The yield loophole and what occurs if it’s closed
It’s value noting that stablecoin yield hasn’t really disappeared, a minimum of not simply but. The GENIUS Act blocks issuers from paying it instantly, however platforms can nonetheless supply rewards by means of revenue-sharing, so customers can nonetheless earn one thing on their stablecoin exercise.
On the opposite hand, some variations of the CLARITY Act purpose to shut that hole utterly. If that occurs, stablecoins probably change into much less engaging to carry, however the demand for yield gained’t simply go away. Instead, it shifts into DeFi, offshore platforms, or new workarounds, whereas financial institution lending nonetheless barely strikes.
So the coverage doesn’t actually resolve the unique concern, however somewhat simply modifications the place the exercise occurs. If that’s the case, it might make sense to discover a appropriate center floor if legislators’ priorities are certainly centered on investor security and preserving digital finance thriving in the US.

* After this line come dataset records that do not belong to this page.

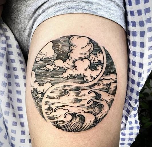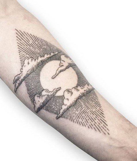 Tattoo-Skizzen Wolken ziehen die Menschen mit ihrer Anmut und ästhetischen Schönheit an. Sie sind anmutig, strahlen eine bezaubernde magnetische Kraft aus und ziehen unweigerlich die Blicke der Menschen auf sich. Solche Tattoos werden in der Regel in grauen, dunklen Farben ausgeführt, da diese Farbtöne der natürlichen Farbe einer echten Wolke so nahe wie möglich kommen. Aber im Bereich der Tätowierung sind keine Grenzen gesetzt, sodass Wolken in jeder bevorzugten Farbe dargestellt werden können.
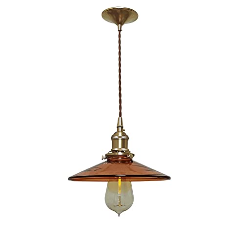 LYMGRZ Suspension Moderne en Laiton - Culot E27 à Une tête avec Cache-Pot Marron et Abat-Jour en Verre, éclairage de Plafond rétro Industriel pour Restaurant et Bar (B)
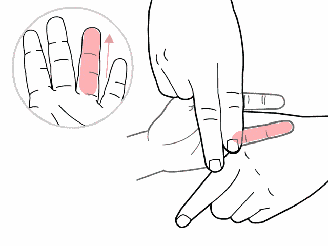 操作方法:用中指和食指指腹在小儿左手无名指自指根向指尖方向直推罗纹面300次。
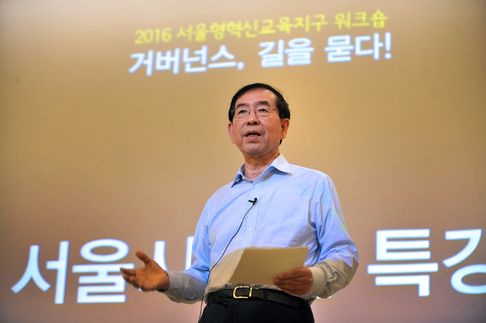 박원순 서울시장은 26일 용인 한화리조트에서 열리는 '서울형혁신교육지구 하계 워크숍'에 참가해 발언하고 있다. 서울시 제공
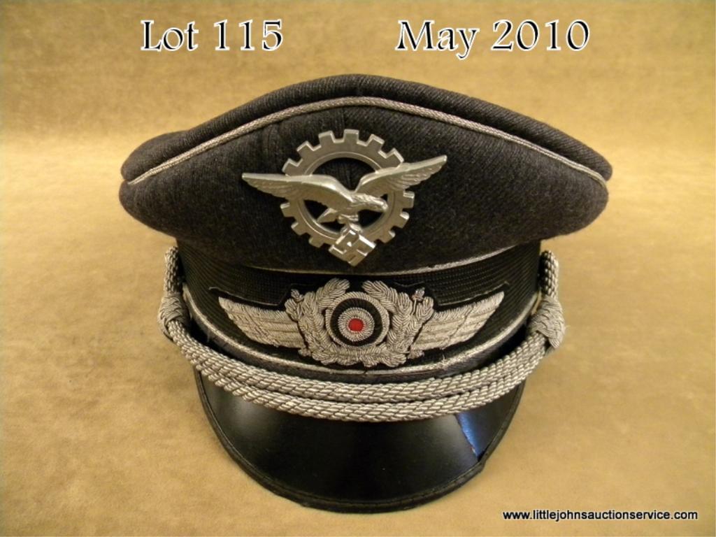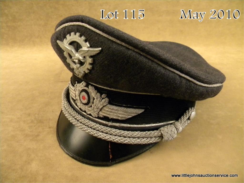 Luftwaffe Technical Officer's Visor Cap. The cap is an approx. size 57 and is made of blue/gray wool, with a black, ribbed mohair center band and silver/aluminum wire piping. The cap features hand embroidered, silver/aluminum wire wings,wreath and cockade, and a die struck Luftwaffe technical eagle and cogwheel cap insignia. The chin cords are made of silver/aluminum wire, and are held in place via two pebble finish aluminum side buttons, which are sewn to the sides of thecap. The visor is made of thin, black fiber with edge trim, and a green cross hatched underside, with a slight crack on the visor's left side. It is lined with golden silk lining, however the celluloid sweat shield is missing. The sweatbandis made of beige leather and is solid with some light edge wear. There is one small period repair to the top, right side of the cap. The overall condition is very good, with light to moderate wear from period use Est $600 - $1,200
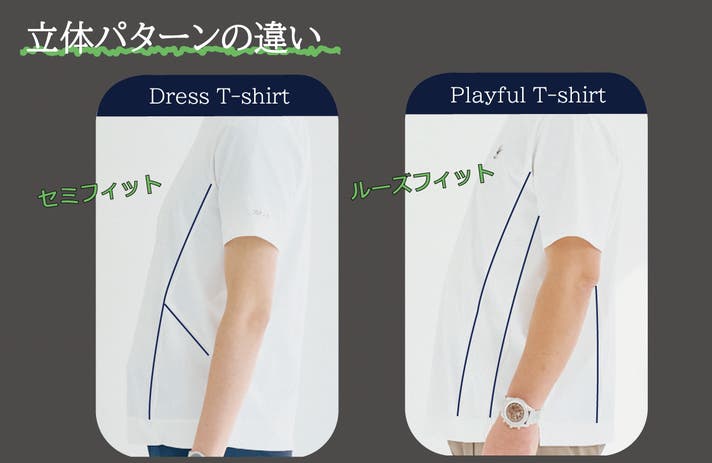 Dress T-shirtとPlayful T-shirtの大きな違いは、お腹部分のデザイン
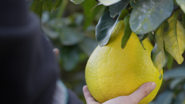 ▲梅州柚子由“论斤贱卖”升级为“按个精品”。(李孟麟 摄)

What can we count on going ahead?
The White House’s CEA report could tip the scales in favor of crypto for progress with the CLARITY act, with current prediction market activity supporting that notion. If stablecoins aren’t really hurting financial institution lending, then the banking business’s fundamental purpose for banning yield falls aside.
Naturally, the main target might now transfer away from the “hazards” of stablecoins, and extra so towards how a lot they need to be allowed to compete. Banks will nonetheless push for tighter guidelines, however it is going to now be a lot tougher for them to argue for an outright ban on yield utilizing the lending argument alone.
A extra probably end result is someplace in the center. Limits on passive yield, however some room for rewards tied to how individuals really use stablecoins. In follow, meaning stablecoins most likely aren’t utterly shut down or absolutely opened up, however they’ll be folded into the system.
And the actual query turns into: What position will they be allowed to play?